__HOW TO COMPLETE THIS TASK__.
Set down the data below exactly; pictures stay out.

__INFORMATION SHOWN__.

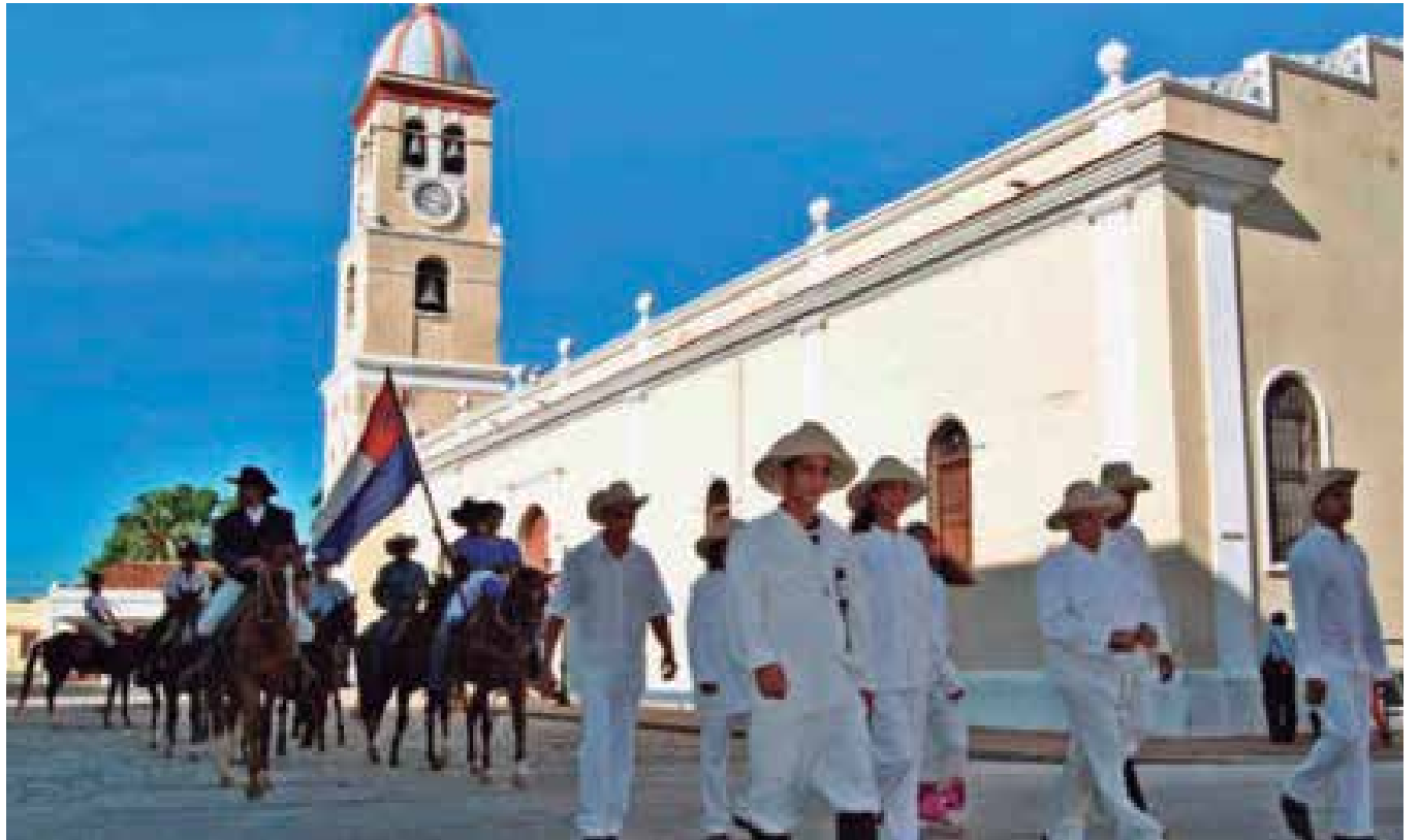
En la Plaza del Himno de Bayamo se evoca cada año el origen de La bayamesa .

Solo en el libro Bayamo , de José Maceo Verdecia, he visto la referencia a la ejecución instrumental del himno durante los festejos de Santa Cristina. Allí, sin embargo, no se especifican los nombres de los concurrentes ni se alude al canto de La bayamesa . Maceo Verdecia es
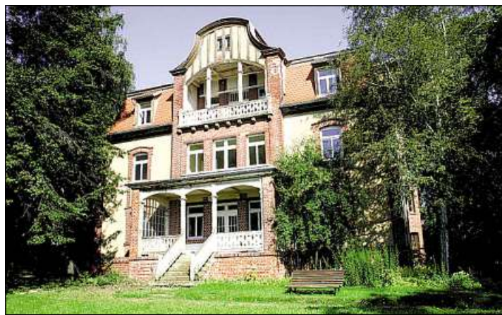
Auch das Haus Planegg ist ein wahrer Blickfang

baute Parkanlage sitzt schon in den Startlöchern und hat eine entsprechende Nutzungsvorvereinbarung bereits im Februar unterschrieben: Die PML Pflege mit Leidenschaft GmbH Erfurt will ab 2017 eine ambulante Spezial-Altenpflege in Tannenfeld anbieten – für etwa 80 an Demenz erkrankte Senioren. Um die ganzheitli-

__SOLUTION TO THIS PROBLEM__.
En la Plaza del Himno de Bayamo se evoca cada año el origen de La bayamesa .

Solo en el libro Bayamo , de José Maceo Verdecia, he visto la referencia a la ejecución instrumental del himno durante los festejos de Santa Cristina. Allí, sin embargo, no se especifican los nombres de los concurrentes ni se alude al canto de La bayamesa . Maceo Verdecia es
Auch das Haus Planegg ist ein wahrer Blickfang

baute Parkanlage sitzt schon in den Startlöchern und hat eine entsprechende Nutzungsvorvereinbarung bereits im Februar unterschrieben: Die PML Pflege mit Leidenschaft GmbH Erfurt will ab 2017 eine ambulante Spezial-Altenpflege in Tannenfeld anbieten – für etwa 80 an Demenz erkrankte Senioren. Um die ganzheitli-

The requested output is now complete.